Here, we shall focus our discussion on prostate digital pathology. Prostate cancer has a high prevalence rate worldwide. For example, it is the most common non-cutaneous male cancer in the United States[76] and it is the 3rd most common male cancer in Singapore[16]. The American Cancer Society report in 2009 estimates 192,280 new prostate cancer cases with 27,360 prostate cancer specific death[76]. The severity of prostate cancer diagnostics is compounded by disagreements between individual pathologists with regard to grading using the Gleason classification[77]. This agreement between different pathologist can be as low as 70%[78] and up to 29% of Gleason gradings were different between pre- and post-operative prostate cancer specimen[79]. Hence, having objective computer algorithms to aid in prostate pathology assessment is essential to improve diagnosis.
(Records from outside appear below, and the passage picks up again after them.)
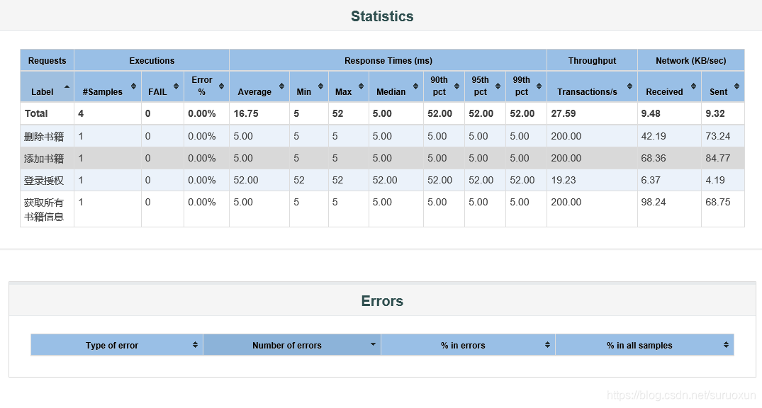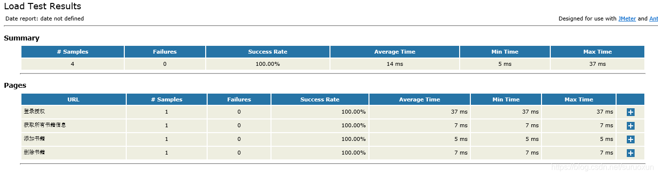 <property name="message" value="Hi!请查收下,API测试报告,如有任何疑问,请联系我,谢谢!"/><tstamp><format property="time" pattern="yyyyMMddhhmm" /></tstamp><property name="jmeter.home" value="${jmeterPath}" /><property name="jmeter.result.jtl.dir" value="${jmeterPath}\tests\report\jtl" /><property name="jmeter.result.html.dir" value="${jmeterPath}\tests\report\html" /><property name="htmlReportNameSummary" value="testReport" /><property name="jmeter.result.jtlName" value="${jmeter.result.jtl.dir}/${htmlReportNameSummary}${time}.jtl" /><property name="jmeter.result.htmlName" value="${jmeter.result.html.dir}/${htmlReportNameSummary}${time}.html" /><target name="run"><antcall target="test" /><antcall target="report" /><antcall target="sendEmail" /></target><!--执行接口测试--><target name="test"><echo>执行接口自动化测试</echo><taskdef name="jmeter" classname="org.programmerplanet.ant.taskdefs.jmeter.JMeterTask" /><jmeter jmeterhome="${jmeter.home}" resultlog="${jmeter.result.jtlName}"><!--要执行的测试脚本--><testplans dir="${jmeterPath}\tests\script" includes="ApiPerformance.jmx" /><property name="jmeter.save.saveservice.output_format" value="xml"/></jmeter></target><!--解决报告中NAN字段显示问题--><path id="xslt.classpath"><fileset dir="${jmeter.home}/lib" includes="xalan-2.7.2.jar"/><fileset dir="${jmeter.home}/lib" includes="serializer-2.7.2.jar"/></path><!--生成HTML测试报告--><target name="report"><echo>生成接口自动测试报告</echo><xslt classpathref="xslt.classpath"force="true"in="${jmeter.result.jtlName}" out="${jmeter.result.htmlName}"style="${jmeter.home}/extras/jmeter-results-detail-report_21.xsl" /><!--复制图片--><copy todir="${jmeter.result.html.dir}"><fileset dir="${jmeter.home}/extras"><include name="collapse.png" /><include name="expand.png" /></fileset></copy></target><!--自动发送邮件--><target name="sendEmail"><echo>发送自动化测试报告</echo><mail mailhost="${mailhost}"user="${username}" password="${password}" mailport="${mail_port}"subject="${mailsubject}" messagemimetype="text/html" tolist="${mail_to}"><from address="${mailfrom}" /><attachments><fileset dir="${jmeter.result.html.dir}"><include name="${htmlReportNameSummary}${time}.html"/><include name="collapse.png" /><include name="expand.png" /></fileset></attachments><message>${message}</message></mail></target></project>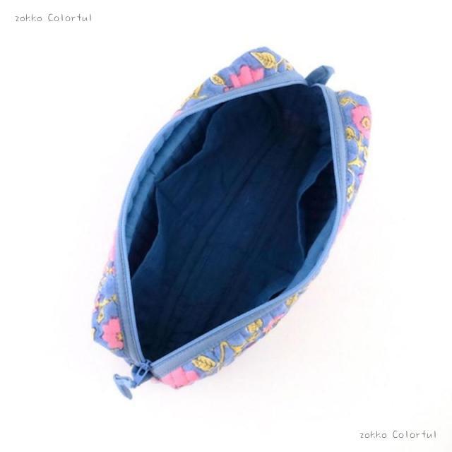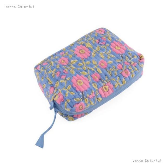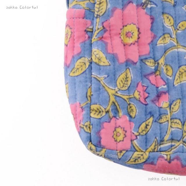 商品名: ブロックプリントのキルティングポーチ ベインフラワー BL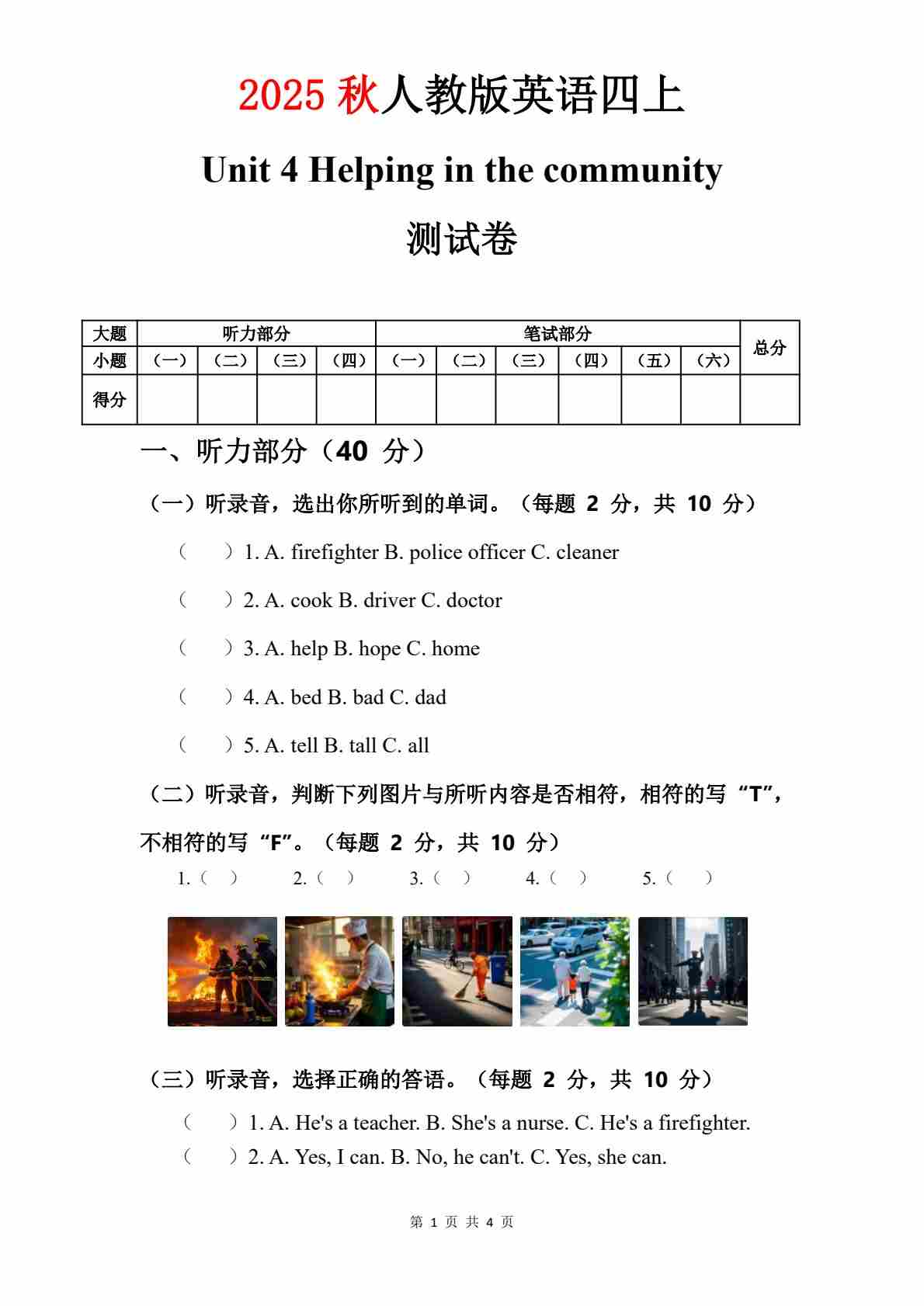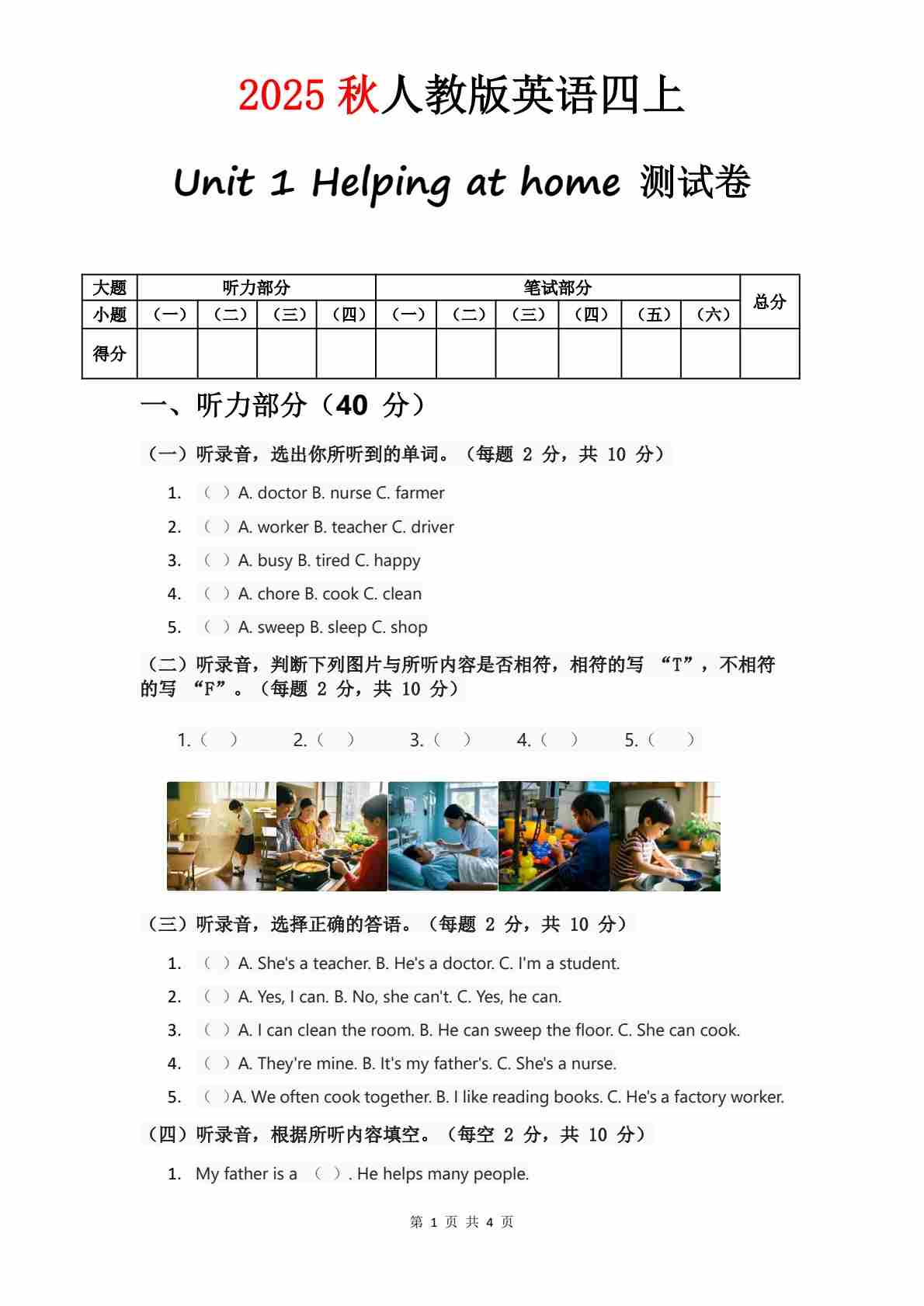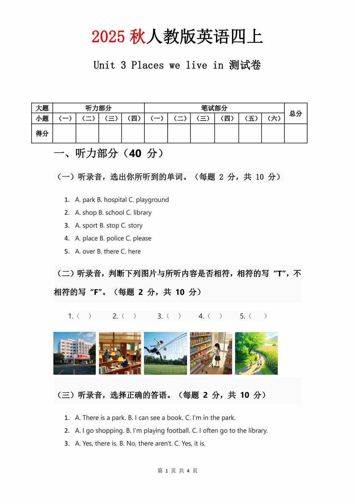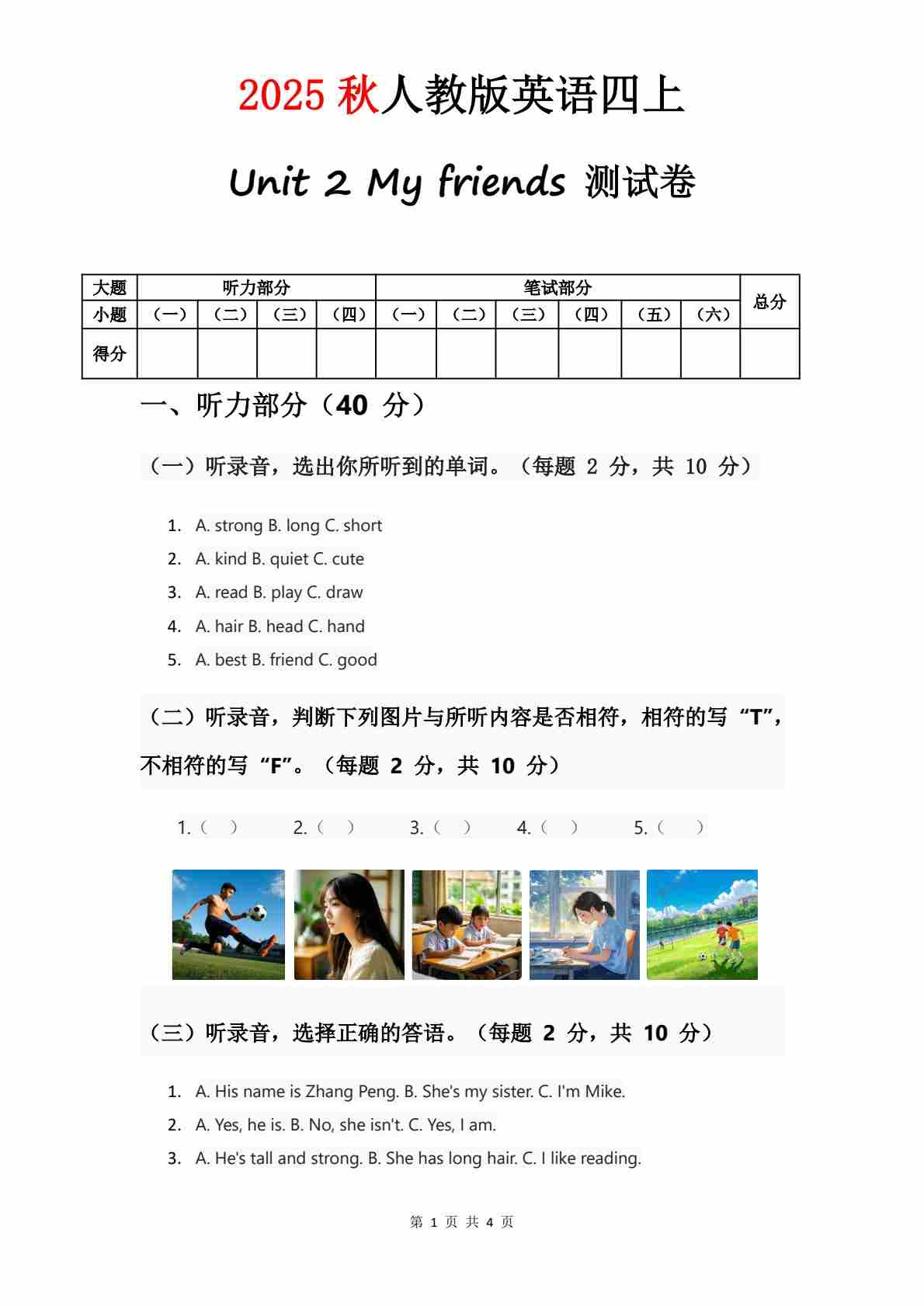 人教版四年级上册英语试卷 Unit 1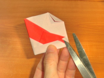 9、向きを変え 右の角を小さく三角に折って折り筋をつけたら、下からハサミを入れて切ります。裏も同じようにり切ります。

Most computational methods are developed to analyze microscopy images on the standard hematoxylin/eosin stain. The goals are gland segmentation since the architecture of glands is critical for Gleason grading and the identification and segmentation of nuclei since this is useful for detecting nuclei signatures specific to cancerous cells. Common computer vision techniques used are level sets[80], fractal analysis[81] and machine learning[80, 8286]. These techniques are used to segment glands[80, 85] and nuclei[82, 84] or to identify regions of malignancy directly[83].

Computer vision in dermatology

Assessment of skin condition and health is both important for clinical medicine as well as for the cosmetics industry. At present, assessment of the skin typically involves a trained dermatologist who will examine features such as textures and landmarks. While training of dermatologists takes many years, the subsequent diagnosis suffers from subjective interpretation differing among dermatologists. Hence, a more objective approach is in demand.

Considerable effort is ongoing to analyze skin surfaces through the use of objective computational methods. Protocols to ensure objective and consistent imaging of human skin (for example, in a well-controlled lighting environment) are vital for reliable diagnosis by computer algorithms[8789]. Image acquisition is followed by the application of task-dependent image processing and computer vision methods. Liu et al.[90] use texture analysis to create an objective way of evaluating the effectiveness of treatment. A neural network framework has been developed to analyze the human skin conditions such as color, roughness, glossiness or tension[91, 92]. Skin images have also been studied with data mining methods[88, 93] and via modeling/reconstructing the skin surface[89, 94].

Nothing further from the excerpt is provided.